§ PROBLEM: Records follow. Print exactly the lines from the one that has "Liesi/uuni: sähköliesi |" through the one that has "9月11日19时许,阜阳市颍", inclusive, and omit the pictures.

§ RECORDS PROVIDED:
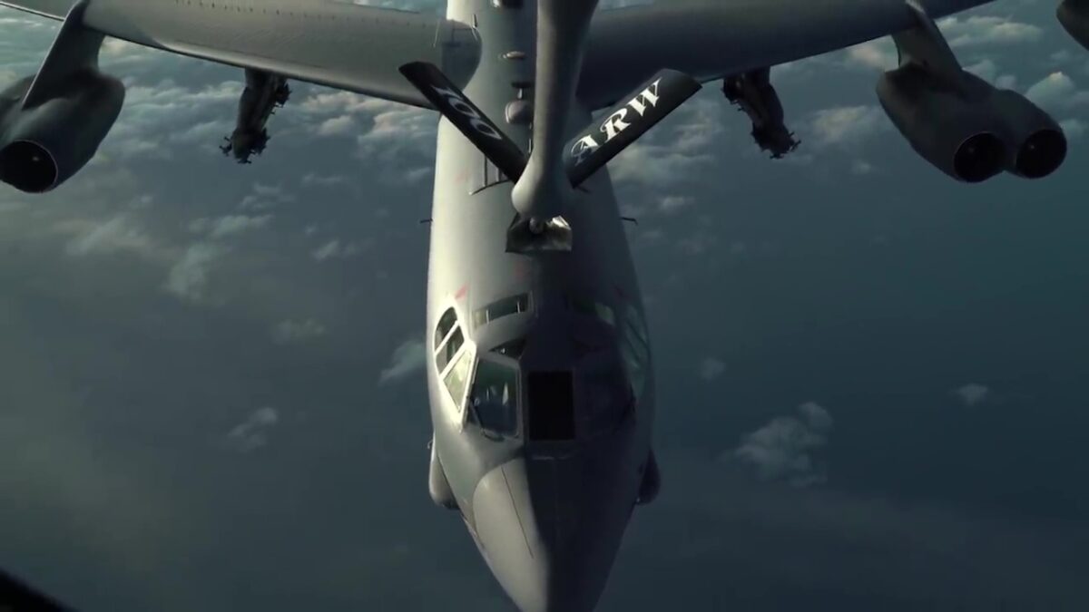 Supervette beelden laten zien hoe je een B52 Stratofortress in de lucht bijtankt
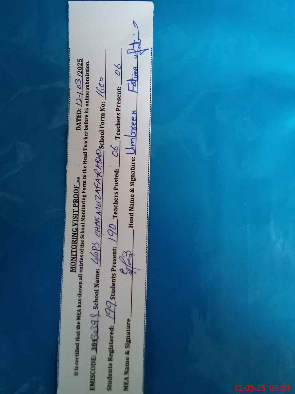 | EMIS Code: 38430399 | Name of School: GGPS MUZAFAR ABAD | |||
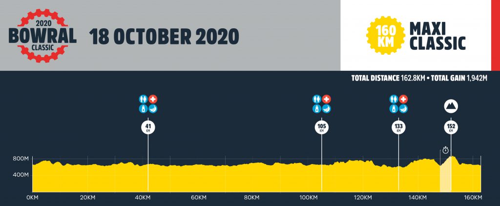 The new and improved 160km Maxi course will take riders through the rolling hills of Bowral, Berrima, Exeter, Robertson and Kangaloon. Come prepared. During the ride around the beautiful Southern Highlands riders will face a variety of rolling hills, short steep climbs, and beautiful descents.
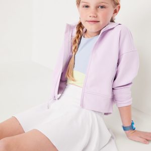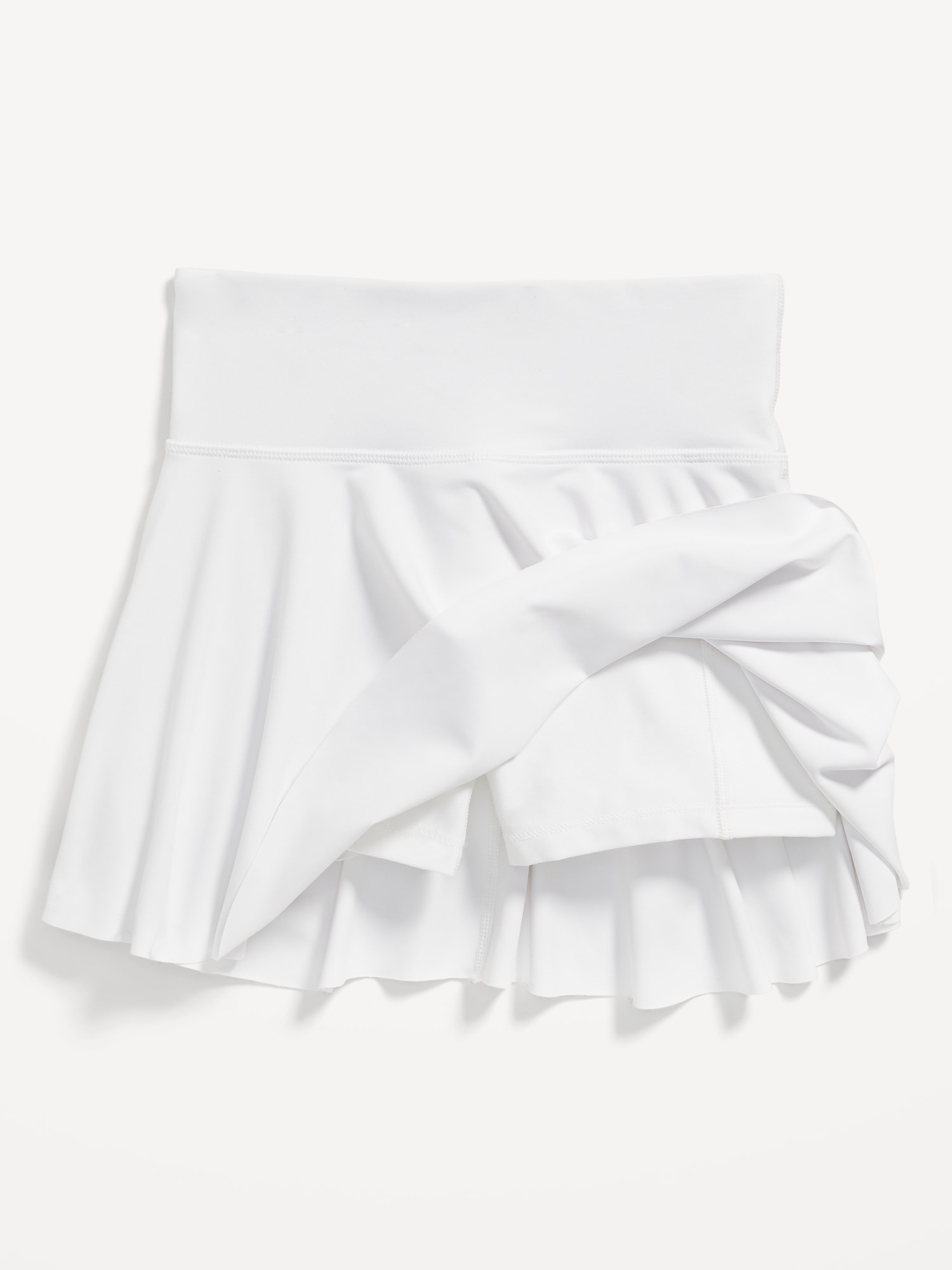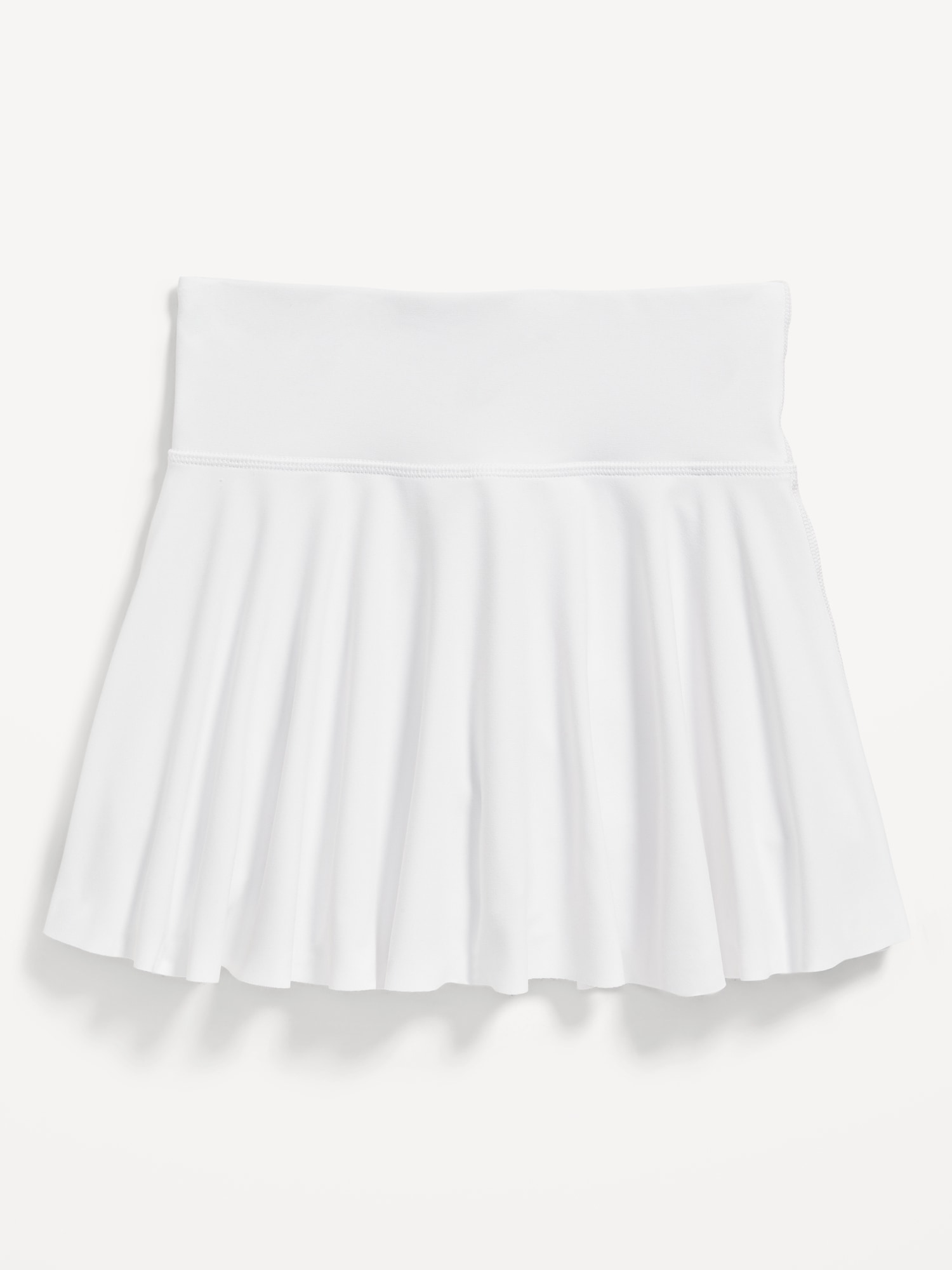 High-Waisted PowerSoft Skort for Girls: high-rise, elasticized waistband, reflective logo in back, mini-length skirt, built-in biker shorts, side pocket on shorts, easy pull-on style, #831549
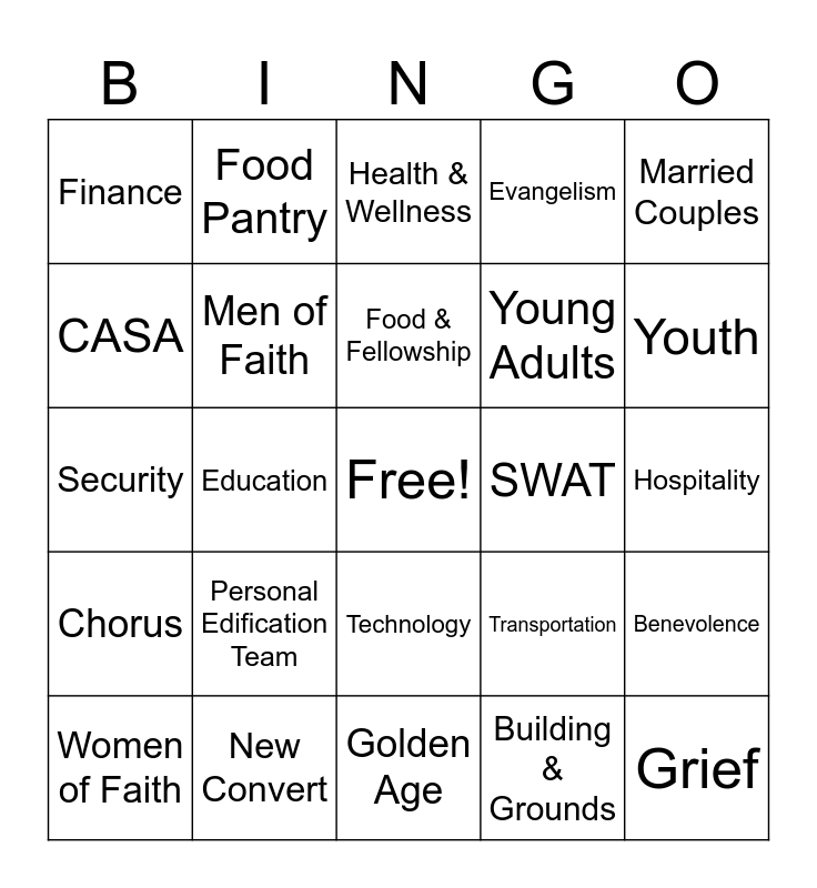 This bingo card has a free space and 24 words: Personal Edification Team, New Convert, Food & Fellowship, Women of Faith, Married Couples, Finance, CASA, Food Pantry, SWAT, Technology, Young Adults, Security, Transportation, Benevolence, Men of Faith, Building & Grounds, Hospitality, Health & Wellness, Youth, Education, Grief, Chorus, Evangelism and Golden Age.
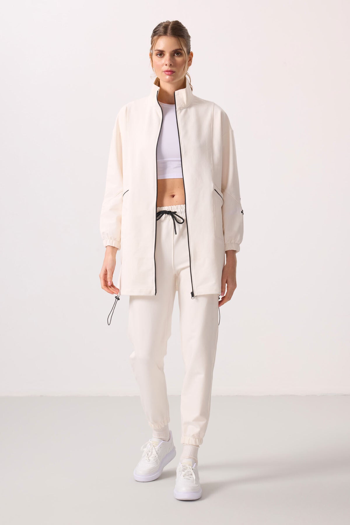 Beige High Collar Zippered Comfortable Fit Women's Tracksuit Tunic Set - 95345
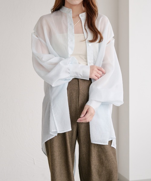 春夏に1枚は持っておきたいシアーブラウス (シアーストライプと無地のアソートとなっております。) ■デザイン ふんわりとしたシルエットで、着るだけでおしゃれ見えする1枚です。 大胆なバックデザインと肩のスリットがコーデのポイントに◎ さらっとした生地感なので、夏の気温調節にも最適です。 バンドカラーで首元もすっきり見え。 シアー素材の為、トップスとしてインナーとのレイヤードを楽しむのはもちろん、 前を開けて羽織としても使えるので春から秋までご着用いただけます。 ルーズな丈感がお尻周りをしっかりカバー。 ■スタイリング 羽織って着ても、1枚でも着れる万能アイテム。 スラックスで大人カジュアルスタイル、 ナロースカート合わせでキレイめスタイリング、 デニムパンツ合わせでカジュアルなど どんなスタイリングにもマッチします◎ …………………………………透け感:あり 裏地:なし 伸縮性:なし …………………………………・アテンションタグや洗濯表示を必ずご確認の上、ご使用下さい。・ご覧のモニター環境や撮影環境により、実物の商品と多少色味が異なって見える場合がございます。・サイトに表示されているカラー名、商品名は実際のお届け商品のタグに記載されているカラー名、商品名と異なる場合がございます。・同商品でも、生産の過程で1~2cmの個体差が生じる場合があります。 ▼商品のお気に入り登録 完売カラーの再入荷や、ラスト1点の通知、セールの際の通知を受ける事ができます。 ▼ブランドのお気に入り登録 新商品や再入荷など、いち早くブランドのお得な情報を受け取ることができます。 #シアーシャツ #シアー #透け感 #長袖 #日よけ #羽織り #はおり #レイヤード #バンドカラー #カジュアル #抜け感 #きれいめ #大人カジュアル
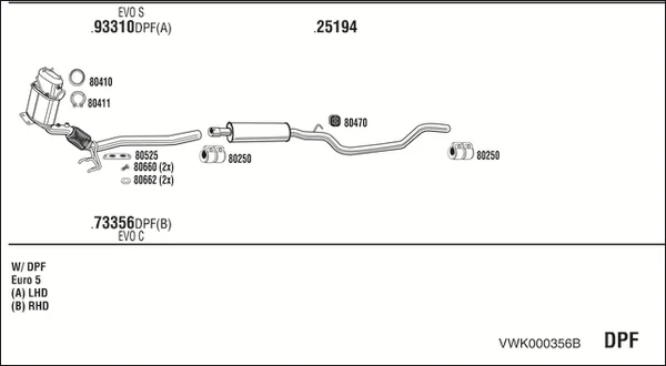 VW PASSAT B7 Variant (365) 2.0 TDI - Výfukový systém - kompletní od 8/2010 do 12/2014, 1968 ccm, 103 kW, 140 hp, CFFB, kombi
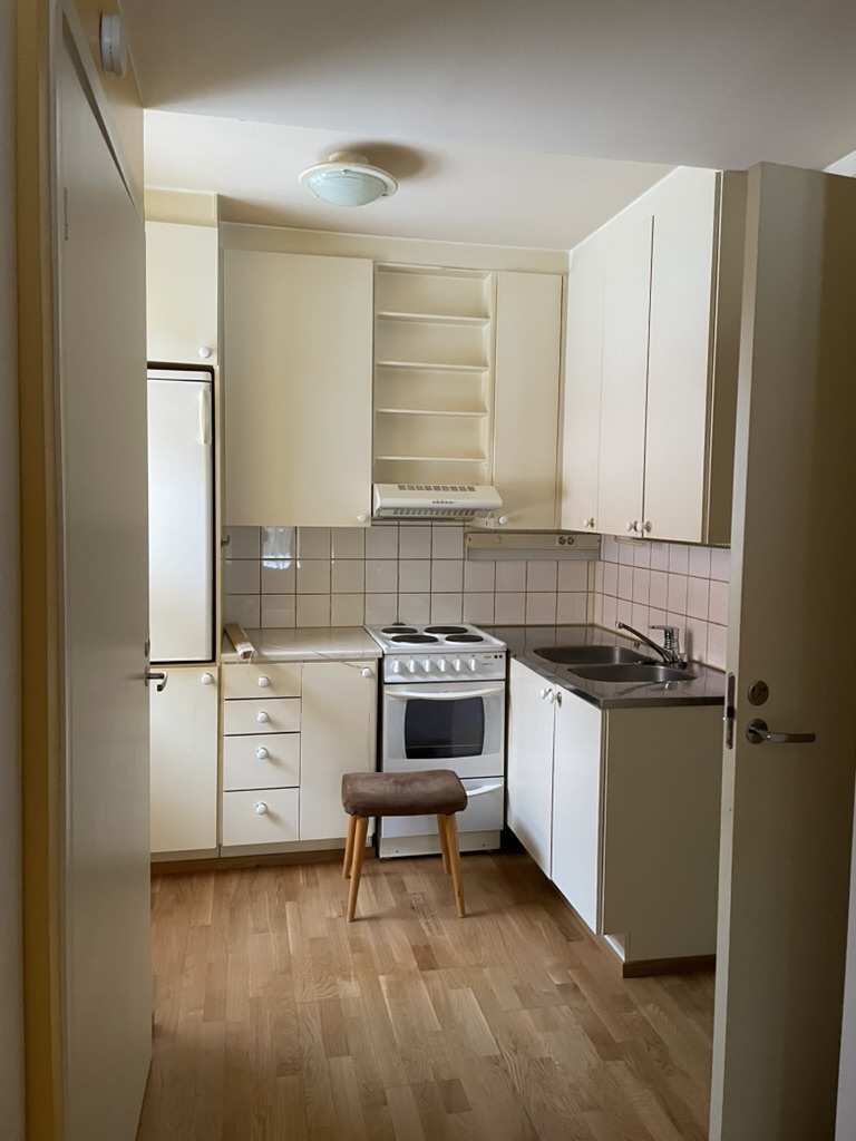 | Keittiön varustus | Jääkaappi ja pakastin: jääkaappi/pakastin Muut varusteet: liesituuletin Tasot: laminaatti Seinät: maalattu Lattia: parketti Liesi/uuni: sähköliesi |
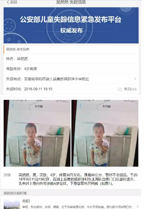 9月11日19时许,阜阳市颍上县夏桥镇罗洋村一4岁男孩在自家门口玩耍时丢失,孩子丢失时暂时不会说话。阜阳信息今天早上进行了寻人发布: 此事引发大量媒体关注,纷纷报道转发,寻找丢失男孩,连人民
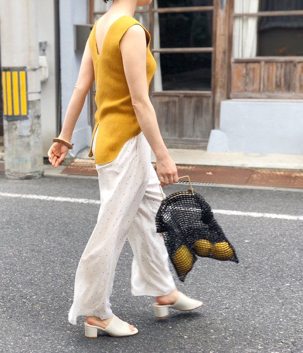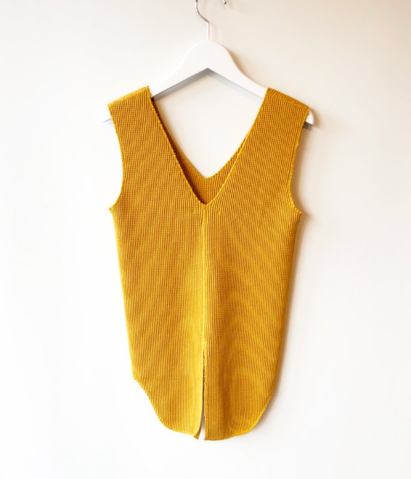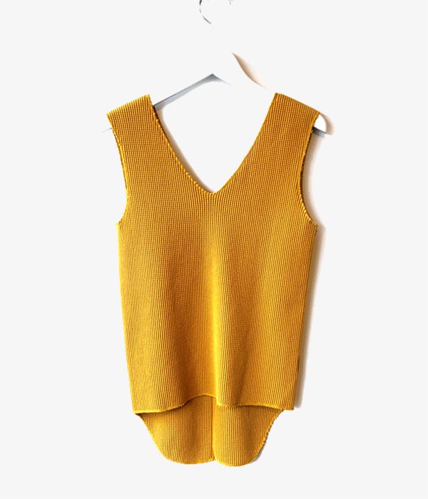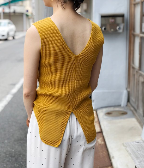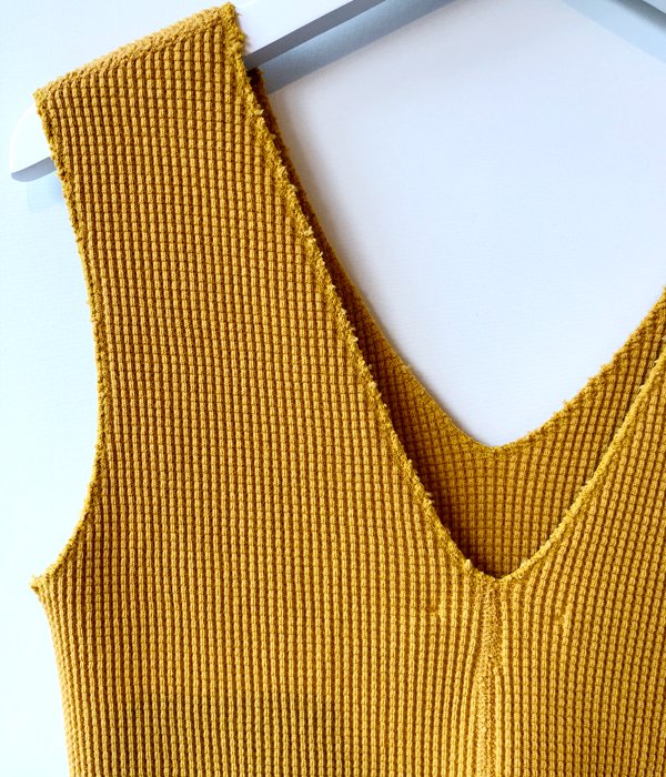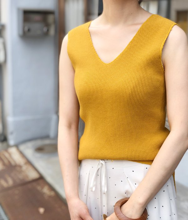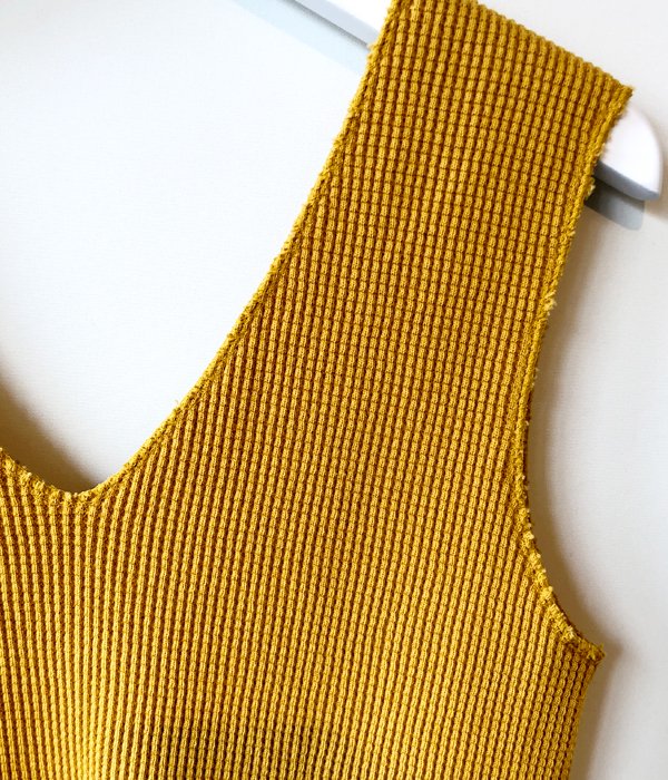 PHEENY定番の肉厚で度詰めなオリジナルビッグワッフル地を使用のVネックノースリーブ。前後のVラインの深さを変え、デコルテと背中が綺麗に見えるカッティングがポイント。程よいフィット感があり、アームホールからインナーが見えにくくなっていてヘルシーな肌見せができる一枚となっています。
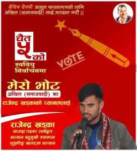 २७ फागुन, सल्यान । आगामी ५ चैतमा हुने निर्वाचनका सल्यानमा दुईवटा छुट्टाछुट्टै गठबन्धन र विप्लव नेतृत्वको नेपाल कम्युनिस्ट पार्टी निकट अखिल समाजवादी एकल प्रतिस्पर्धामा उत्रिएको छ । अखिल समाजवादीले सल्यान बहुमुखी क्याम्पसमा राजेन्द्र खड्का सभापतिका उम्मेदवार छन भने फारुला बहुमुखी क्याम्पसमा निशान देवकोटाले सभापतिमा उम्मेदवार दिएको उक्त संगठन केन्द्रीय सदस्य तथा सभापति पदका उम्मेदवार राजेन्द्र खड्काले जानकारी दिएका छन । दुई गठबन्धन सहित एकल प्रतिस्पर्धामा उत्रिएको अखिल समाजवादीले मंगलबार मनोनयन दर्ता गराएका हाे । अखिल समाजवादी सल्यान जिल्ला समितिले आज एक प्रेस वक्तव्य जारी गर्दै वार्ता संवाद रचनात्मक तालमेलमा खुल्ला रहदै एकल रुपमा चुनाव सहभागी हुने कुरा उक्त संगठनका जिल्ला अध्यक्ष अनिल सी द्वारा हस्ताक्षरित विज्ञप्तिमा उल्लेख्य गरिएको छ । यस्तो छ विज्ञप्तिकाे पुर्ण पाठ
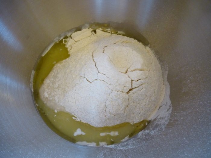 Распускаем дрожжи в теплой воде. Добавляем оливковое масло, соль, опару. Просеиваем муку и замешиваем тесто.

§ SOLUTION TO THE PROBLEM:
 | Keittiön varustus | Jääkaappi ja pakastin: jääkaappi/pakastin Muut varusteet: liesituuletin Tasot: laminaatti Seinät: maalattu Lattia: parketti Liesi/uuni: sähköliesi |
 9月11日19时许,阜阳市颍上县夏桥镇罗洋村一4岁男孩在自家门口玩耍时丢失,孩子丢失时暂时不会说话。阜阳信息今天早上进行了寻人发布: 此事引发大量媒体关注,纷纷报道转发,寻找丢失男孩,连人民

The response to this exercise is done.